WHAT IS NEEDED
Leaving out every picture, retype the lines below from the top through the one that contains "粘土看似无声无息,却充满了生".

EXERCISE DATA

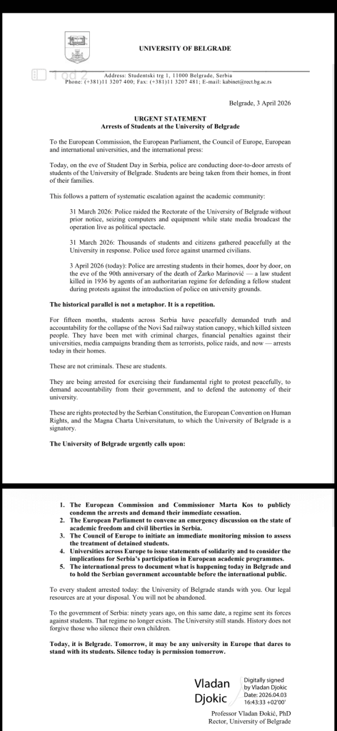 Universiteti i Beogradit i është drejtuar me një apel urgjent institucioneve evropiane, duke shprehur shqetësim për arrestimet e fundit të studentëve në Beograd, të cilat i cilëson si pjesë të një presioni në rritje ndaj komunitetit akademik dhe një përpjekje për të shtypur protestat studentore.
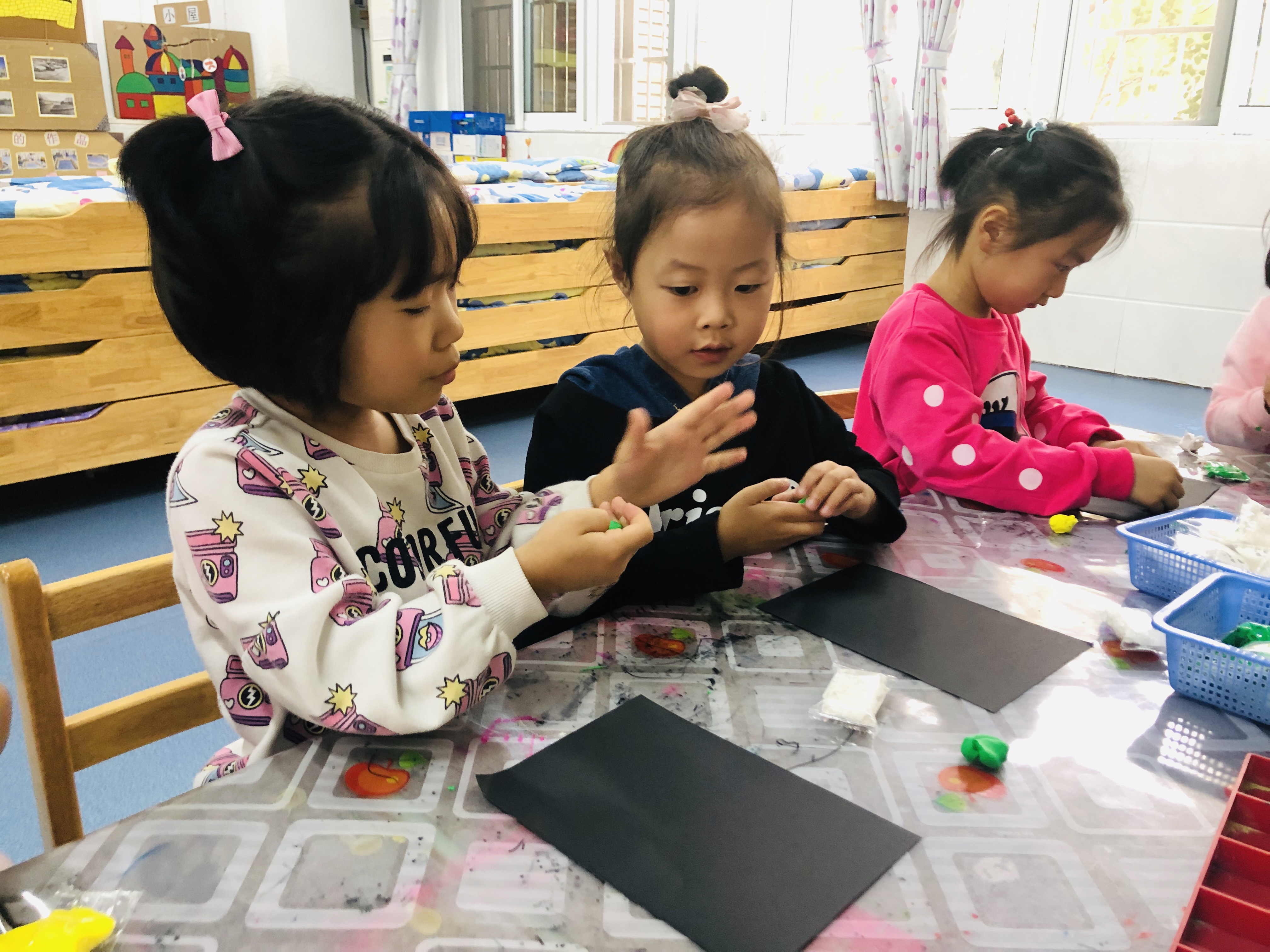 粘土看似无声无息,却充满了生命力。孩子们随意地运用捏塑、拍打、揉搓等动作进行创作,在获得快乐的同时,也促进了手、眼、脑协调发展。孩子的智力发展起源于动作。粘土手工制作的整个过程不仅可以开发幼儿的智力,还可以提高他们对事物的感知力、观察力和创造力,是一项非常有益幼儿身心发展的活动。
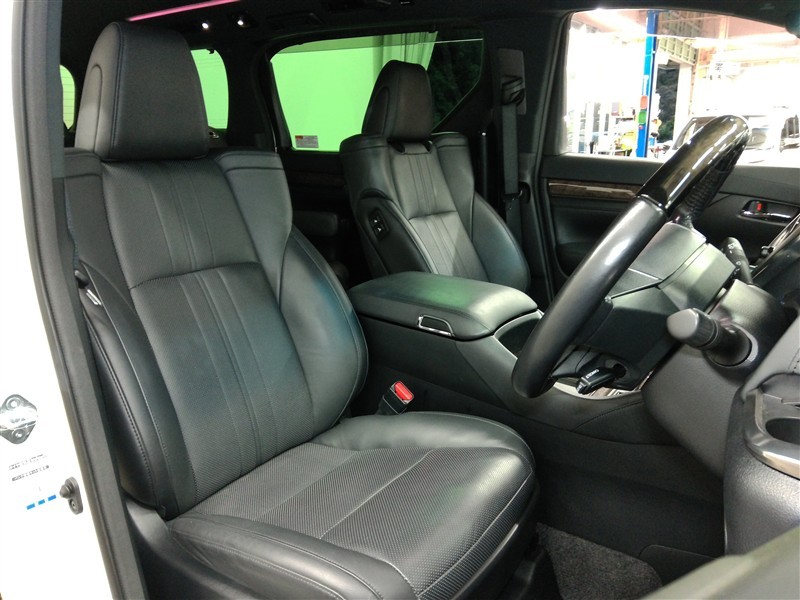 助手席側からの前席ビューです。本革シートが高級感を漂わせますね♪
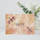 Cette carte-réponse de réception de mariage aux libellules présente mes libellules aquarelles rouges sur un design d'art numérique en couches. Recherchez les faire-part de mariage et les annonces de save the date assortis.

RESPONSE TO THE TASK
 Universiteti i Beogradit i është drejtuar me një apel urgjent institucioneve evropiane, duke shprehur shqetësim për arrestimet e fundit të studentëve në Beograd, të cilat i cilëson si pjesë të një presioni në rritje ndaj komunitetit akademik dhe një përpjekje për të shtypur protestat studentore.
 粘土看似无声无息,却充满了生命力。孩子们随意地运用捏塑、拍打、揉搓等动作进行创作,在获得快乐的同时,也促进了手、眼、脑协调发展。孩子的智力发展起源于动作。粘土手工制作的整个过程不仅可以开发幼儿的智力,还可以提高他们对事物的感知力、观察力和创造力,是一项非常有益幼儿身心发展的活动。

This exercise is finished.